Allocate VBOs for each node of geometry in the scene, fill them up, render them, and dispose of them. Aagh!
Allocate one VBO for the duration of the scene, then slice() it up into bits each frame and render the geometry with them, then dispose the slices. Aaagh!
Allocate one VBO for the duration of the scene, fill it up with geometry and remember the starts and lengths somewhere, render just those bits by setting the position() and limit().

I hope it’s clear that 3. is a couple of orders of magnitude faster.

Cas

uran · November 3, 2005, 7:45pm

Thanks for clarification.

As far as VBO is concerned, and general (VBO) usage guidelines never raised much question.

I was mainly probing to see what kind of improment/degradation occured in those programs which have one or more tight loops per-frame where dynamic textures are downloaded. i.e: if in a certain context I have to download 3 textures per-frame, lets assume for example 3 planes of a YUV frame, then thats 3 additional JNI calls one would have to make to rewind the buffer twice, once before and once after filling it up. One could make all sorts of arguments about packing textures, but truth of the matter is, everyone will always have some argument to be made.

Anyways, I must be the only one who sees issue with additional JNI overhead, so without further ado, its all clear.

kbr · November 3, 2005, 8:35pm

There is no JNI involved in setting or retrieving the position or limit of a Buffer. This is all Java code and when these values are passed from JOGL’s Java code to C via JNI the values are all fetched using pure Java code. The only additional overhead is in passing down an additional int argument through JNI (negligible) and adding this offset on to the base pointer (again, negligible). We did some performance testing with higih-throughput demos like the VertexArrayRange demo and weren’t able to see any speed hit from paying attention to buffer offsets.

uran · November 3, 2005, 9:05pm

Ok well in that case, attribute this to lack of sleep (and/or other misdeed on my part) that I did notice a minor difference in CPU usage between the two test runs of a program based on JOGL 1.1.1 and one based on JSR-231 (beta1). I will continue all conversion to JSR-231 as all other improvements outweigh this (aparently misconceived on my part detriment) and if I do indeed solidify substantial performance degradation, I will post for further discussion.

P.S:
Test machine: P3 @ 500Mhz, Radeon 9k
JOGL 1.1.1 test run consumed on average about ~2%.
JSR-231 beta1 consumed on average about ~9%.

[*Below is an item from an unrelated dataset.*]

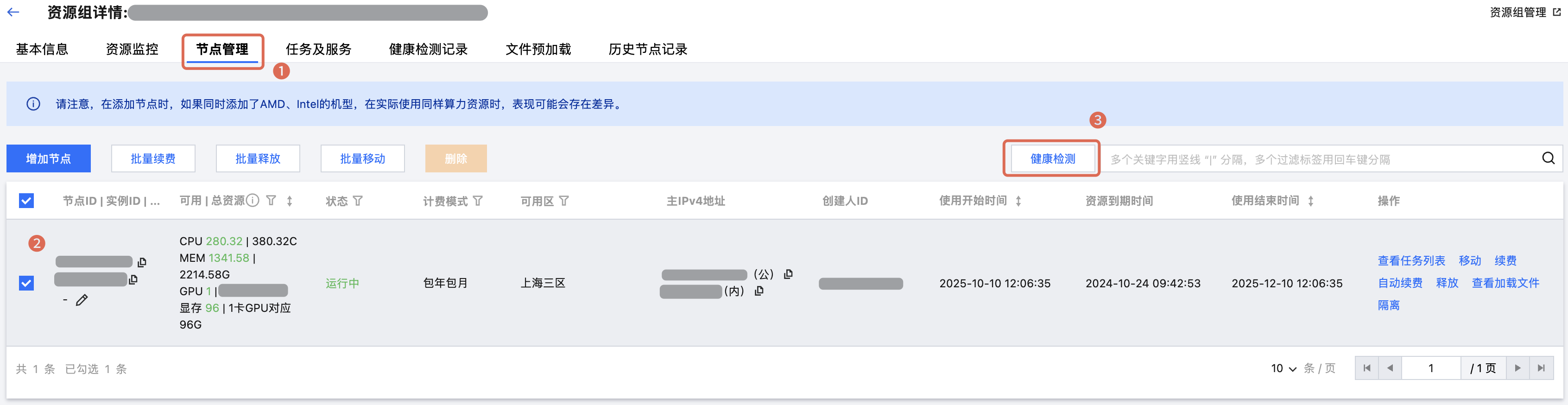 进入资源组详情页的“节点管理” tab 中,选择需要检测的节点范围,并单击右上角 健康检测 按钮。在弹窗内选择检测项后,即可完成创建。

In my efforts to sqeeze out most of the CPU for other tasks, I may have overstepped common sense and forgotten that premature optimizations are root of all evil.

kbr · November 4, 2005, 1:50am

A lot has changed in the JOGL implementation since 1.1.1 and it’s certainly possible that additional code in the JOGL implementation could be the cause of the increased CPU consumption. If you get some profile data from your application pointing to new code in JOGL as the culprit then please provide a test case and file a bug.